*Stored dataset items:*
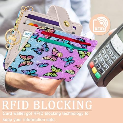 Rfid 女款皮夾,小巧纖薄的信用卡皮夾,PU 皮革雙折現金皮夾,拉鍊零錢袋和證件窗,女女士青少年女孩少女禮物, 黑貓花, 現代
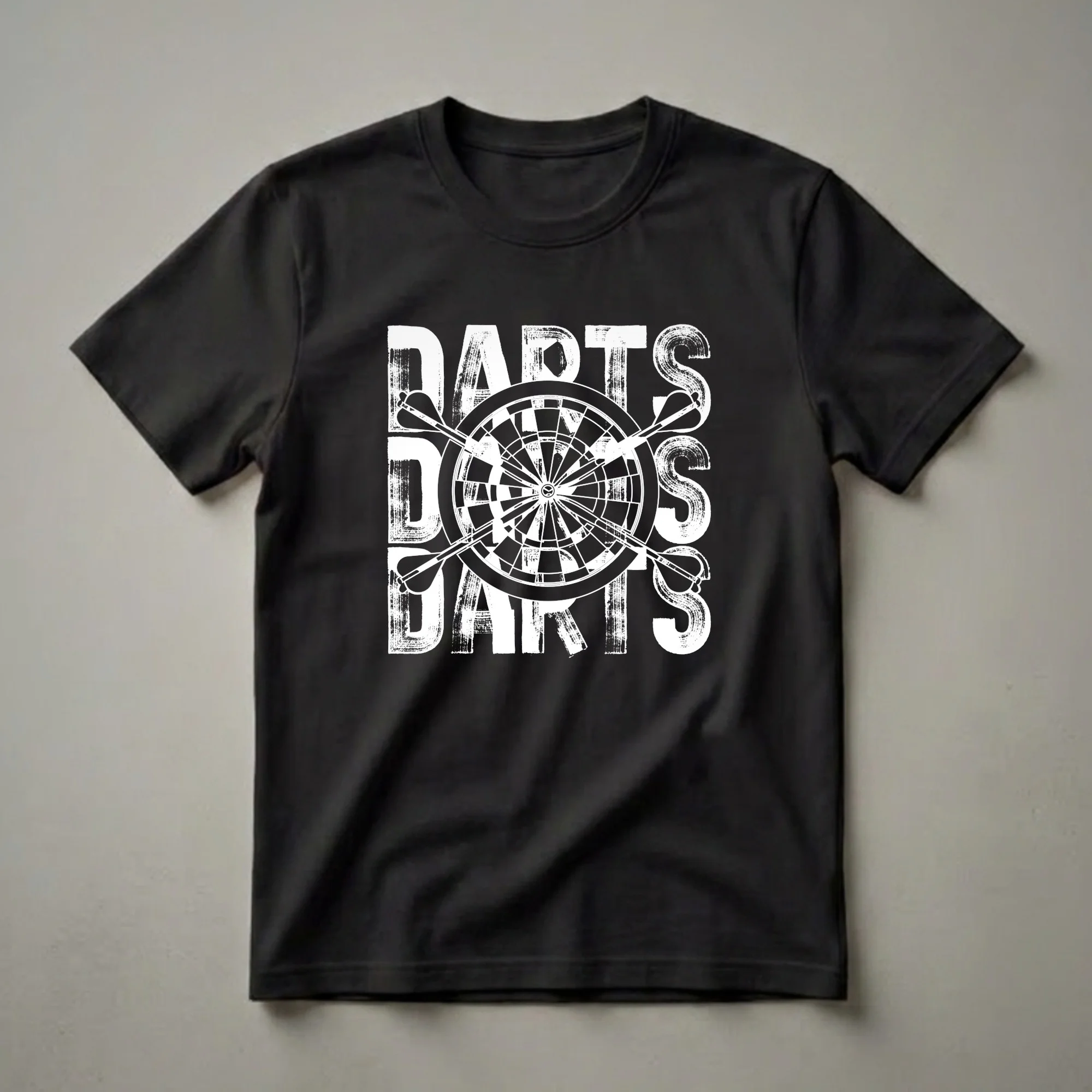 Darts players who want to wear their passion on their sleeve will appreciate this striking graphic tee. The design features the word 'DARTS' repeated in a bold, distressed font, creating a powerful visual statement. Centered within the text is a classic dartboard, complete with its intricate scoring segments and a bullseye, along with three feathered darts poised for action. This shirt is a thoughtful gift for the darts enthusiast in your life, whether they play casually at home or compete in leagues. Darts requires precision, focus, and a steady hand, making it a game that appeals to those who enjoy a challenge. This t-shirt works well for casual outings, game nights, or even to wear to the pub while playing a friendly match. It's a staple in the collection for anyone who lives and breathes the sport of darts, offering a comfortable and stylish way to express their love for the game. Celebrate your favorite player or treat yourself to this eye-catching apparel.
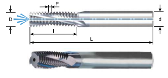 #Flutes:3, Cut Dia:0.146", Grade:MT9, IN-RH/LH, Matl:Carbide, Neck Len:0.59", Overall Len:2.5", Pitch:32.00 TPI, Shank Dia:(1/4)mm, Thread Dep:3.0xD1, Thread Form:UN, Thread Standard:10
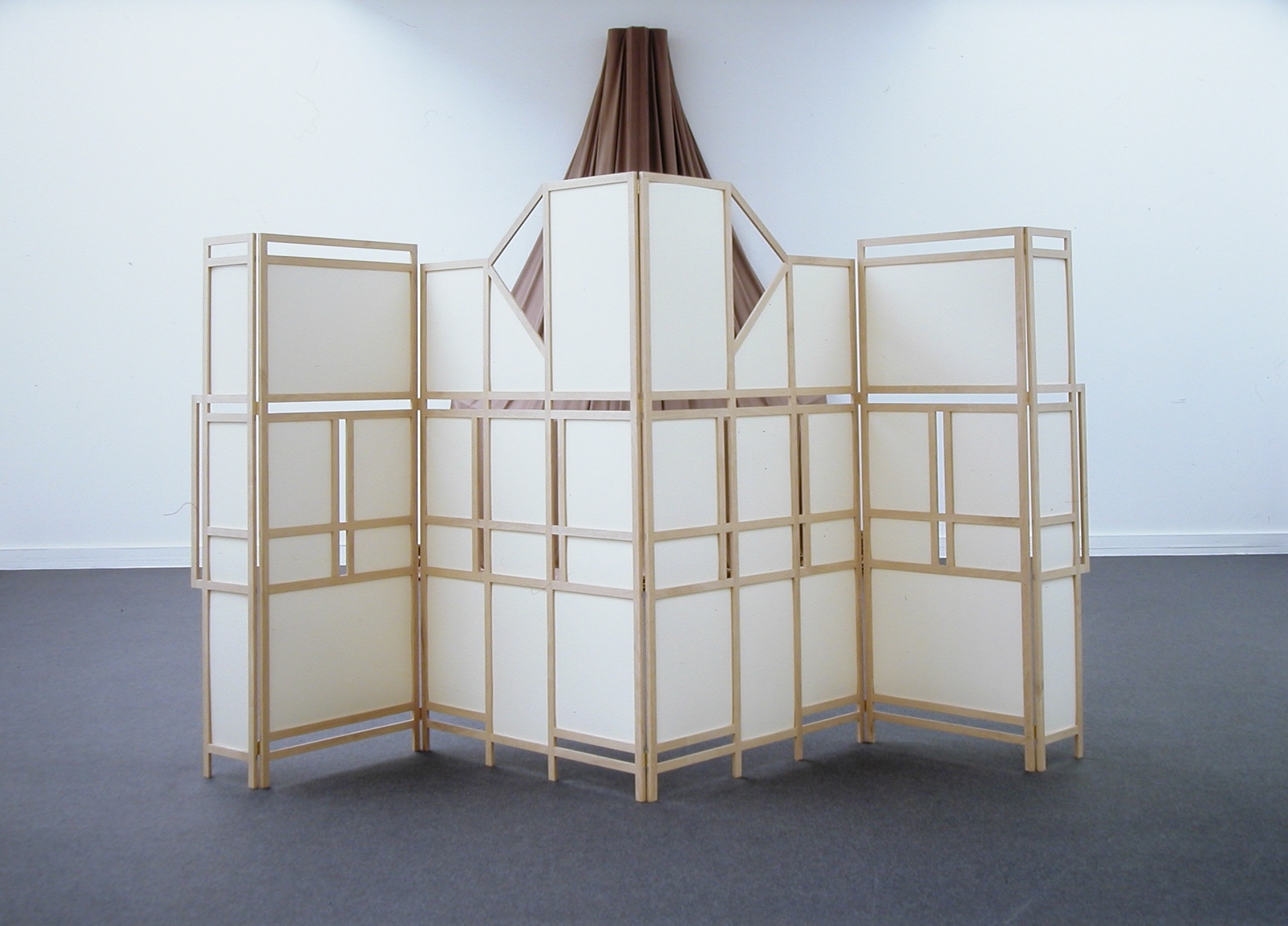 Quello stesso anno è incluso nella collettiva del Centro Pecci Una scena emergente e in quell’occasione il museo toscano acquista l’installazione Senza titolo. Si tratta di una grande paravento architettonico di quattro metri di lunghezza, realizzato con una struttura in legno e pannelli di cartone dipinto. Simmetrica, col suo profilo regolare diviso in campiture rettangolari, la struttura di Senza titolo ricorda la facciata di un edificio, ridotta allo schema cromatico tipico dei modellini, ma portata su una scala inconsueta che non appartiene né agli edifici finiti, né ai modelli prepatori. Nel catalogo della mostra l’artista pubblica anche un disegno preparatorio, a conferma del valore progettuale della costruzione.
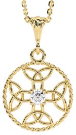Diamond Gold Silver Celtic Cross Trinity Knot Necklace
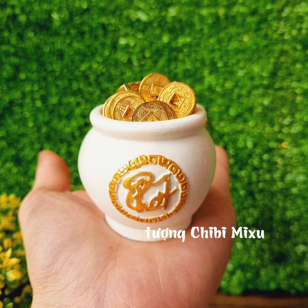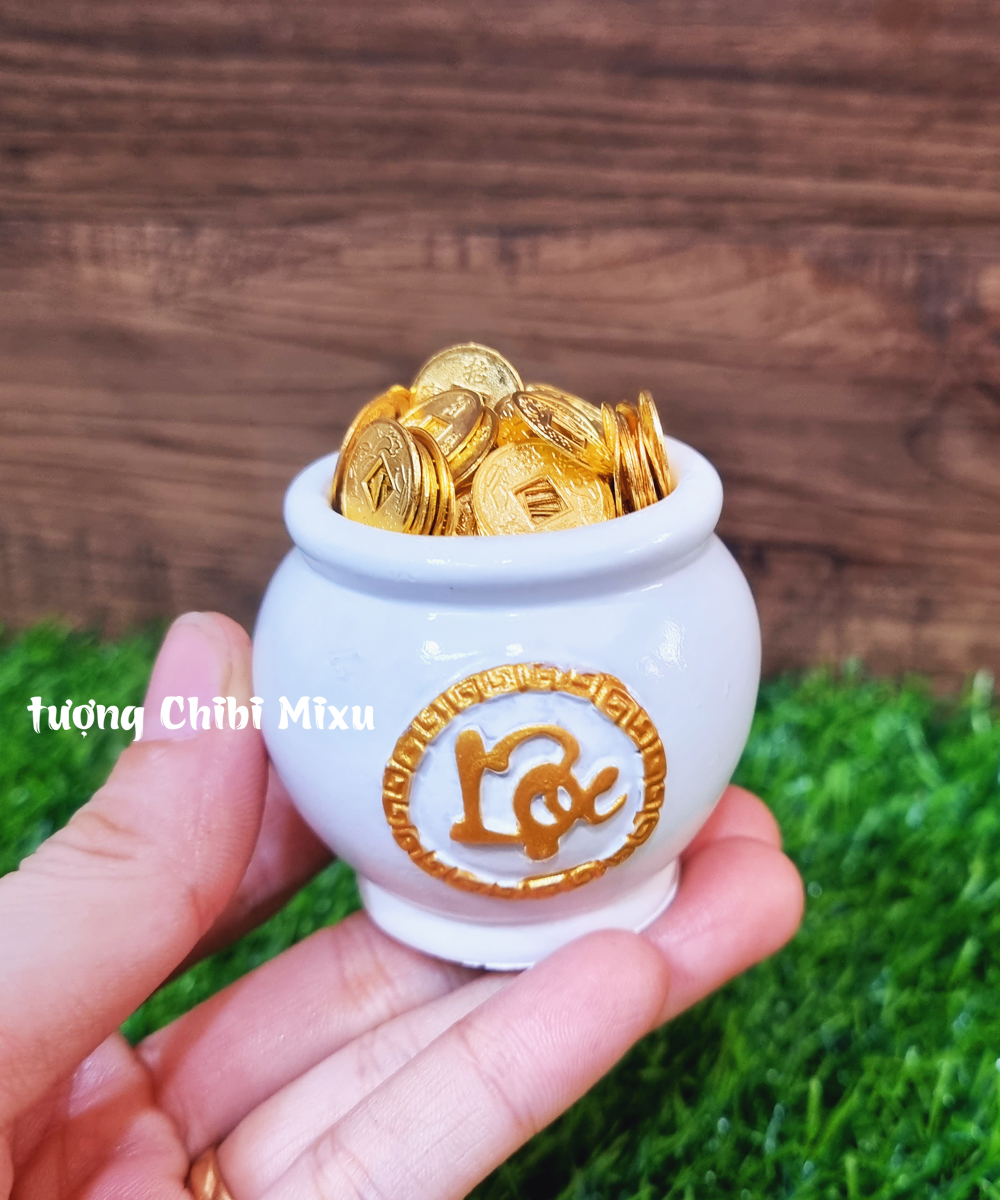 Chum vàng chữ TÀI / LỘC / PHÁT (gồm 1 chum trắng + 15 hạt gốm mèo + 100 xu vàng 13mm)Bộ sản phẩm gồm:+ 01 chum màu trắng: ngang 5.5cm x cao 5cm (KHÁCH LƯU Ý KÍCH THƯỚC GIÚP SHOP)+ 15 hạt gốm mèo may ...
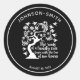 Personalisieren Sie Ihre Daten mit Familienname und Datum Ihrer Wiedersehen oder gewollt Text. Das Design enthält einen Stammbaum, den Familiennamen und das Datum der Wiedersehen auf schwarzem Hintergrund. Das Zitat ist familienorientiert und sagt, dass die Wurzeln eines Stammbaumes mit der Liebe von zwei Herzen begann. Diese sind ideal für Pakete und Umschläge.
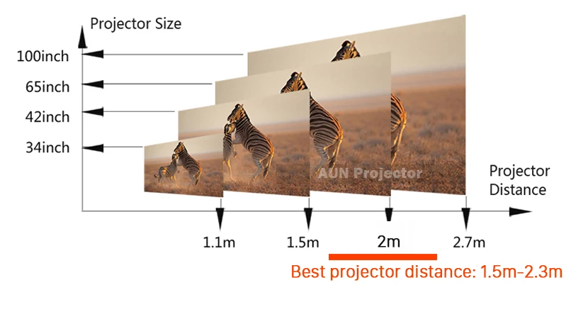 Projector size: 28-120inch Best projector size: 30-80inches |
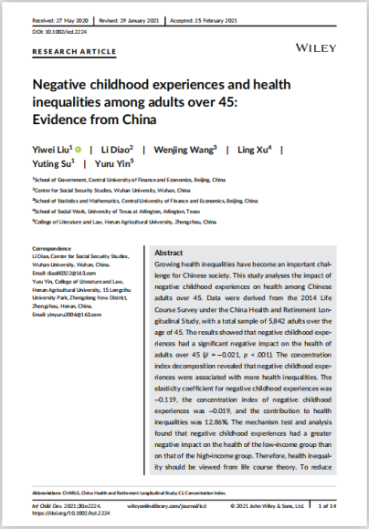 近日,今年会公共事业管理系刘一伟博士在Infant and Child Development 30卷(3)期发表学术论文,题目为Negative childhood experiences and health inequalities among adults over 45:Evidence from China(DOI:10.1002/icd.2224)。

*What you have to do:* Transcribe all of the entries word for word, but skip any pictures they contain.

*Answer:*
 Rfid 女款皮夾,小巧纖薄的信用卡皮夾,PU 皮革雙折現金皮夾,拉鍊零錢袋和證件窗,女女士青少年女孩少女禮物, 黑貓花, 現代
 Darts players who want to wear their passion on their sleeve will appreciate this striking graphic tee. The design features the word 'DARTS' repeated in a bold, distressed font, creating a powerful visual statement. Centered within the text is a classic dartboard, complete with its intricate scoring segments and a bullseye, along with three feathered darts poised for action. This shirt is a thoughtful gift for the darts enthusiast in your life, whether they play casually at home or compete in leagues. Darts requires precision, focus, and a steady hand, making it a game that appeals to those who enjoy a challenge. This t-shirt works well for casual outings, game nights, or even to wear to the pub while playing a friendly match. It's a staple in the collection for anyone who lives and breathes the sport of darts, offering a comfortable and stylish way to express their love for the game. Celebrate your favorite player or treat yourself to this eye-catching apparel.
 #Flutes:3, Cut Dia:0.146", Grade:MT9, IN-RH/LH, Matl:Carbide, Neck Len:0.59", Overall Len:2.5", Pitch:32.00 TPI, Shank Dia:(1/4)mm, Thread Dep:3.0xD1, Thread Form:UN, Thread Standard:10
 Quello stesso anno è incluso nella collettiva del Centro Pecci Una scena emergente e in quell’occasione il museo toscano acquista l’installazione Senza titolo. Si tratta di una grande paravento architettonico di quattro metri di lunghezza, realizzato con una struttura in legno e pannelli di cartone dipinto. Simmetrica, col suo profilo regolare diviso in campiture rettangolari, la struttura di Senza titolo ricorda la facciata di un edificio, ridotta allo schema cromatico tipico dei modellini, ma portata su una scala inconsueta che non appartiene né agli edifici finiti, né ai modelli prepatori. Nel catalogo della mostra l’artista pubblica anche un disegno preparatorio, a conferma del valore progettuale della costruzione.
Diamond Gold Silver Celtic Cross Trinity Knot Necklace
 Chum vàng chữ TÀI / LỘC / PHÁT (gồm 1 chum trắng + 15 hạt gốm mèo + 100 xu vàng 13mm)Bộ sản phẩm gồm:+ 01 chum màu trắng: ngang 5.5cm x cao 5cm (KHÁCH LƯU Ý KÍCH THƯỚC GIÚP SHOP)+ 15 hạt gốm mèo may ...
 Personalisieren Sie Ihre Daten mit Familienname und Datum Ihrer Wiedersehen oder gewollt Text. Das Design enthält einen Stammbaum, den Familiennamen und das Datum der Wiedersehen auf schwarzem Hintergrund. Das Zitat ist familienorientiert und sagt, dass die Wurzeln eines Stammbaumes mit der Liebe von zwei Herzen begann. Diese sind ideal für Pakete und Umschläge.
 Projector size: 28-120inch Best projector size: 30-80inches |
 近日,今年会公共事业管理系刘一伟博士在Infant and Child Development 30卷(3)期发表学术论文,题目为Negative childhood experiences and health inequalities among adults over 45:Evidence from China(DOI:10.1002/icd.2224)。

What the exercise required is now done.